Food security concerns are plaguing the world. Experts offer some solutions but these are not sustainable. They negatively affect the environment and climate.
But Welsh farmers seem to have an answer for this. They are into non-intensive sustainable agriculture? What is it? How do the farmers do it?
Current debates on food policy and the Welsh farmers
There are a lot of debates ongoing in the world amongst policymakers as regards a mode of agriculture that should be sustainable. Moreover, UK lawmakers are also having heavy discussions on it.
The National Food Strategy for England report was published recently. And the bottom line is that agriculture should be such that it should be able to provide a large amount of food for the masses without damaging the environment and the climate at a cost that people can afford.
The pandemic and war have pushed the world to the brim and food scarcity and high cost of food are everywhere.
Welsh farming reps argue that they are easily able to procure red meat and they farm it sustainably. The Welsh farmers export Welsh lamb in great quantities to England where people consume it in large numbers.
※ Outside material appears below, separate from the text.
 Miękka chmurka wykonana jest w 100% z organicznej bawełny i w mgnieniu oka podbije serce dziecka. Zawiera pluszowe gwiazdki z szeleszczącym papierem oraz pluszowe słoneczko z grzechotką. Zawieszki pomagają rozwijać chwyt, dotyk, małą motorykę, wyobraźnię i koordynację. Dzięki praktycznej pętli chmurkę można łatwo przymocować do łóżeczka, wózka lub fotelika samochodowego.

This type of farming is the solution to the concerns affecting the food system, say the reps. They claim that ethically and sustainably produced red meat can meet the challenges affecting humankind.
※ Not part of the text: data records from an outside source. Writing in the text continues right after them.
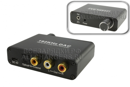 Переходник (адаптер, конвертер) Toslink (оптический) и SPDIF RCA (коаксиальный) - стерео RCA (тюльпаны) и Jack 3.5mm, с регулировкой громкости, для подключения акустики (наушники и колонки) с аналоговым входом к цифровому аудио выходу
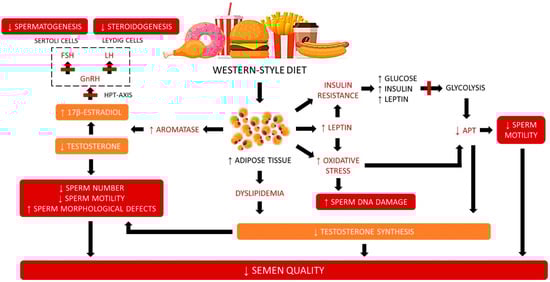Over the last several decades, the Western diet has been the culprit for the growing rate of obesity, which has had a significant negative effect on fertility due to its impact on hormonal levels, sperm function, and gamete molecular composition (Figure 2) [1,11,16,29]. Despite the fact that a higher body mass index has been associated with compromised sperm production and quality [6,30], the molecular mechanisms underlying obesity and male infertility are still not totally understood [31]. Increased body fat mass has been related to impaired reproductive potential due to its effect on the molecular and physical structure of sperm [6,32,33]. Obese men are more likely to be infertile due to the larger proportion of DNA fragmentation, abnormal morphology, and low mitochondrial membrane potential, which have been linked to high levels of ROS [32,33]. Regular consumption of a Western diet is directly associated with the high prevalence of obesity and its comorbidities (such as insulin resistance and diabetes) and has also been related to low sperm quality or function [34,35]. For instance, high-energy and high-fat diets (particularly those higher in animal fat and processed foods) have been associated with testicular disruption and, thus, impairments in spermatogenesis [11].
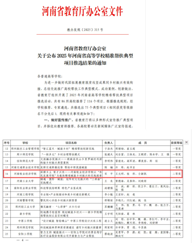 近日,河南省教育厅办公室印发了《M88 APP下载公布2025年河南省高等学校精准帮扶典型项目推选结果的通知》(教办发规〔2025〕315号),M88 APP下载选送的精准帮扶项目《深耕乡土 育才兴农——M88 APP下载,M88 APP 体育以“农民发展学院”为载体精准赋能乡村振兴的实践探索》荣获二等奖。

The statement from the chief executive of Meat Promotion Wales
The Wales authorities promote red meat production and do it sustainably. Authorities worldwide can follow it and reap its benefits. Gwyn Howells, Chief Executive at Hybu Cig Cymru – Meat Promotion Wales (HCC) explains:
“There are a number of issues which need addressing in our current food system. Obviously, the challenge of climate change is urgent and all sectors must play their part. Also, we must address food security, and be resilient in the face of external shocks such as the recent rise in costs and the war in Ukraine.”
“Rather than looking to faddish solutions, it’s time to support types of regenerative farming that are suited to the landscape and climate of these islands.”
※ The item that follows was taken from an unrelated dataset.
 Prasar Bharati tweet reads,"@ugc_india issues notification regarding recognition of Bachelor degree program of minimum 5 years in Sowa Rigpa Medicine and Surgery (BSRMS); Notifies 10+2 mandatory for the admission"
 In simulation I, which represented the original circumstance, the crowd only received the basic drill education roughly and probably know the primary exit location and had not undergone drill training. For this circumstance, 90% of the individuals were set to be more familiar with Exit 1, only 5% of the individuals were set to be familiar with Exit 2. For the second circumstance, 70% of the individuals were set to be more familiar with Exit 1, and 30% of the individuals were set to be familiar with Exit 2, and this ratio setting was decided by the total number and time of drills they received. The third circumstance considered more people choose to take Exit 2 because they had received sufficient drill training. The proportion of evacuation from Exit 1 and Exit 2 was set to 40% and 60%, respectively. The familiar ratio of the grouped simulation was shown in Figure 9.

Welsh red meat and its production
The whole world is amid a food crisis and learning from each other would be useful. Gwyn goes on to explain:
“Lamb and beef production in Wales, according to independent research, is already much lower in terms of emissions than most other countries, and projects are underway to reduce the climate impact even further.”
“Welsh livestock farmers use non-intensive methods, using land that’s unsuitable for other types of farming, and relying overwhelmingly on grass and rainfall rather than the additional inputs which are rocketing in their cost.”
“Any policies which put at risk our productive and sustainable domestic livestock sector present real dangers. Families could face increasing food bills. And we may end up importing more food which may be produced to lower environmental and welfare standards.”